An observation about the Task Definition is that I'm using the Terraform data function to set some environment variables that I defined in a JSON file (it needs an improvement to use AWS EKS or some other way to store secrets).

Ok, now let's create the ECS Service.

resource "aws_ecs_service" "aws-ecs-service" {
  name                 = "${var.app_name}-${var.app_environment}-ecs-service"
  cluster              = aws_ecs_cluster.aws-ecs-cluster.id
  task_definition      = "${aws_ecs_task_definition.aws-ecs-task.family}:${max(aws_ecs_task_definition.aws-ecs-task.revision, data.aws_ecs_task_definition.main.revision)}"
  launch_type          = "FARGATE"
  scheduling_strategy  = "REPLICA"
  desired_count        = 1
  force_new_deployment = true

  network_configuration {
    subnets          = aws_subnet.private.*.id
    assign_public_ip = false
    security_groups = [
      aws_security_group.service_security_group.id,
      aws_security_group.load_balancer_security_group.id
    ]
  }

  load_balancer {
    target_group_arn = aws_lb_target_group.target_group.arn
    container_name   = "${var.app_name}-${var.app_environment}-container"
    container_port   = 8080
  }

  depends_on = [aws_lb_listener.listener]
}

I also defined a Security Group to avoid external connections to the containers.
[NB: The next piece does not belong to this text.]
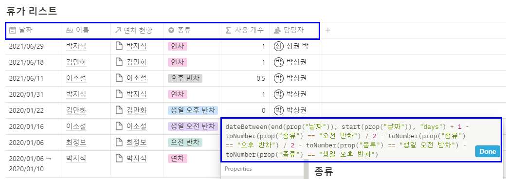 ④ 사용 개수 / - toNumber(prop("종류") == "오전 반차") / 2

resource "aws_security_group" "service_security_group" {
  vpc_id = aws_vpc.aws-vpc.id

  ingress {
    from_port       = 0
    to_port         = 0
    protocol        = "-1"
    security_groups = [aws_security_group.load_balancer_security_group.id]
  }

  egress {
    from_port        = 0
    to_port          = 0
    protocol         = "-1"
    cidr_blocks      = ["0.0.0.0/0"]
    ipv6_cidr_blocks = ["::/0"]
  }

  tags = {
    Name        = "${var.app_name}-service-sg"
    Environment = var.app_environment
  }
}

Application Load Balancer

The next step is to setup a Load Balancer. As you could notice on the ECS configuration is that there's a reference to a load_balancer on it.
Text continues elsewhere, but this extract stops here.